BT's Bradley Cooper

The cost of implementing new systems to document advice to the extent that’s expected in the prevailing regulatory environment has played a big part in determining BT Financial Group’s footprint in wealth management, BT chief executive Brad Cooper has revealed.

It is understood BT is close to announcing its plan for owning advice following months of exploring options relating to its Westpac Financial Planning business.

While Cooper did not comment specifically on those plans, he pointed to the immense cost and complexity of documenting advice, which he described as the biggest challenge for organisations that want to own and operate advice businesses in the future.

“Organisations that are interested in participating in the advice industry, under whatever guise, are going to have to recognise that recordkeeping, retention of information – these will be a big part of the investments you’re going to make going forward,” Cooper said, at the Self-Managed Superannuation Fund Association National Conference in Melbourne on Thursday, during a discussion on the topic “Challenges and opportunities facing SMSFs today”.

“It’s not just SoAs, it’s records of phone conversations and a whole range of things,” Cooper commented. “Because if you do get a review, it will be ‘on what basis did you consider this vehicle or this investment strategy’ and ‘how can you demonstrate you acted with the best-interest obligation.’

“Unfortunately that’s the way it is now.”

Cooper’s comments on the impost of advice documentation were made in light of ASIC’s findings that 90 per cent of financial advice relating to setting up an SMSF did not comply with the law, revealed in ASIC report 575: SMSFs: Improving the quality of advice and member experiences.

While Westpac has been the holdout from fleeing wealth among the big four – ANZ Banking Group, Commonwealth Bank and National Australia Bank have all announced plans or already spun off or sold the majority of their advice businesses – an announcement regarding BT and its future ambitions relating to advice ownership is expected in coming months.

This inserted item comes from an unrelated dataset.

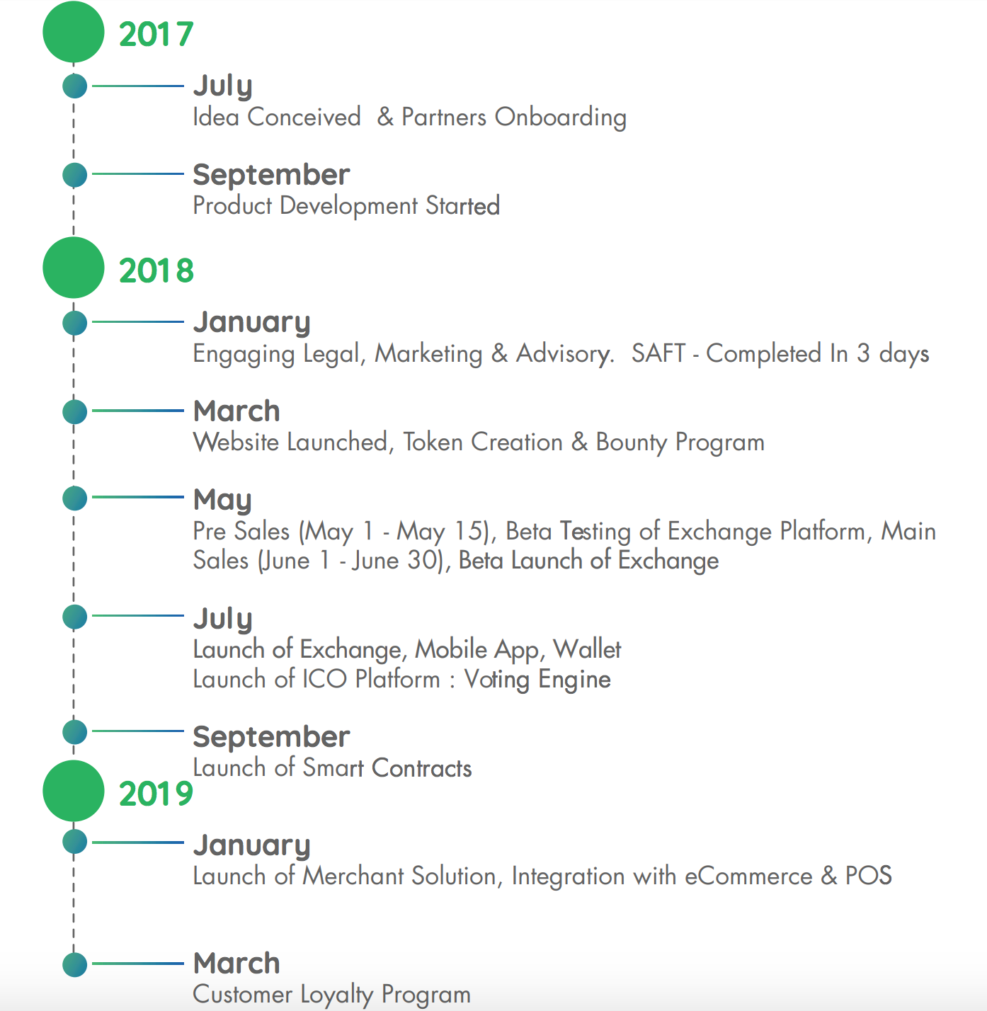 In addition to the above services, CGCX also provides CGCX token utility services to the public for a total of 1 billion CGCX tokens that represent 50% of the total issuance volume of 2 Billion at a price of 1ETH = 8500CGCX tokens. The CGCX Token is a decentralized cryptocurrency based on the standard 20-token protocol ERC. The CGCX Token supports all Ethereum wallets and will be freely transferable on the Ethereum platform. The CGCX token is not a security token with an equity right but a utility token.

Around the middle of last year, BT’s salaried financial advice network comprised close to 490 financial advisers, which included BT Financial Advice and Westpac Financial Planning salaried advisers, according to Professional Planner’s 2018 Licensee Survey.

The group’s salaried network sits beside its aligned dealer groups, which include Securitor (303 advisers) and Magnitude Group (177 advisers), according to the Licensee Survey, which was up to date at the end of March last year.

Signs of a shakeup within the group relating to its advice ownership aspirations were apparent when it pulled the pin on its entry-level advice business towards the end of last year.

Since the second round of hearings at the Royal Commission into Misconduct in the Banking, Superannuation and Financial Services Industry in April last year, which shone a spotlight on the shortcomings of the advice industry, bank executives have been trying to figure out how advice fits within their respective strategies.

“The big issue for us is that the burden of proof falls on the adviser and the importance now of documentation and recordkeeping is clear,” said Cooper, who was joined on stage by Mercer’s David Knox and the SMSF Association’s Jordan George. “Advisers might be well-intentioned people, but if [advice] is not recorded and evidence based, then it doesn’t matter. Scrutiny is going to increase now.

“The investments that people [who want to operate advice businesses] are going to have to make will be around digitisation, indexing and workflow management,” he noted.

Mercer’s Knox said the documentation of advice was heading towards what’s expected in medical or counselling services.

“Every time a doctor or counsellor sees a patient, it all has to be there,” he said. “Talking about matters around finances is not quite life and death, but [the advice industry] is certainly moving in that same direction.”